Você acredita que um detalhe pode fazer toda a diferença entre o errar e o acertar?

Bom entre o errar e o acertar acho que a diferença é o treino, sabe? um pouco de falta de concentração, acho que esse é o detalhe, o skate exige persistência e treino.

Você tem uma manobra ou um obstáculo preferido? qual seria e por que?

Sempre curti andar em corrimão pelo fato de parecer difícil e nem sempre todas as meninas tinham facilidade de andar, então eu conseguia me destacar nos campeonatos que era meu objetivo na época.

Tem alguma dica que ajude o foco e a concentração, seja pra campeonato ou aquela trick difícil?

Acho que manter o pensamento positivo de que temos capacidade de acertar ajuda na concentração e na trick difícil, pelo menos pra eu, essa técnica ajuda hehe

Na sua opinião, na teoria a manobra de escada é a mesma do solo?

Eu costumava gostar de pensar que não tinha diferença entre escada e solo, mas na prática tem diferença sim, no impacto na velocidade na distância, muita coisa muda sabe.



Você vê o skate como percentualmente psicológico?

Com certeza, pra eu o skate é mais psicológico do que técnica, claro que quanto mais treinamos mais aperfeiçoamos a técnica.

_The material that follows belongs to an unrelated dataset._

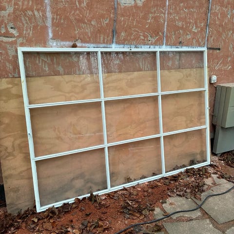 En enkelt rude mangler samt en side af karm knækket af

Mas se você não tiver o psicológico forte pra vencer o medo é difícil evoluir.

Por ser menina e estar em um esporte que têm muitos homens, a recepção é tranquila?

Na galera de skate sempre fui bem recebida, mas já passei por uma ou duas situações chatas de que skate é coisa de menino.

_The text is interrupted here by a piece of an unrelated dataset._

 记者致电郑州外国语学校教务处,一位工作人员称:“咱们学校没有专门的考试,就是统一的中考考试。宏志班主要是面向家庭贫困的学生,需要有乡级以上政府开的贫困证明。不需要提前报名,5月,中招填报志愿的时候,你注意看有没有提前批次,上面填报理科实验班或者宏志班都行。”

Tem alguma história engraçada com o skate?

Bom eu tenho algumas histórias com os roles de skate, a maioria engraçada depois que passa o momento haha, a que vou contar agora é da trip que fui pra Europa, eu estava em LA na casa da Ana Paula e Leticia, e de lá iríamos juntas pra uns campeonatos na Europa, mas para voltar de lá iríamos voltar em aviões diferentes e diferente horas e escalas. Eu não falava nada de inglês, peguei o voo certinho, mas, chegando de volta para o aeroporto já era em torno de 23:00 da noite e como não consigo dormir em avião e tinha passado mais de 11 hs no avião estava morta de sono, eu no aeroporto não encontrava nenhuma das meninas, eu não sabia que ônibus pegar e não sabia o endereço da casa da Ana, não tinha Internet no celular não sabia falar inglês pra pedir ajuda e já estava dando meia noite, como sou desencanada resolvi dormir ali mesmo e tentar ajuda de manhã pois eu estava mega cansada, então procurei um cantinho sossegado no aeroporto de LA peguei minha mala deitei ela, tirei minha “sleepingbag” tipo saco de dormir que comprei na trip da Europa na Inglaterra porque é muito frio lá, fiz um travesseiro com minhas blusas de frio envolvi meu braço na mala e na mochila pra sei lá, ninguém pegar kkkk, e capotei, de manhã logo q acordei colei no Starbucks do aeroporto tomei meu café da manhã e fui atrás de ajuda, eu parada enfrente ao aeroporto pensando no que fazer, comecei a prestar atenção em um monte de vans levando a galera do aeroporto, e pensei em tentar falar com o motorista pois a única coisa q sabia era q a Ana morava do lado do metrô Pershing Square, então o motorista foi muito atencioso, falava espanhol e me entendeu e disse q sabia onde era e que me levava lá, então entrei na van e graças ao bom Deus deu tudo certo haha, chegando lá a Leticia e a Eliana tinham acabado de sair a minha procura, a galera estava em choque, minha mãe queria me matar pelo Skype, mas depois que expliquei o ocorrido ficaram mais tranquilos, resumindo to viva haha...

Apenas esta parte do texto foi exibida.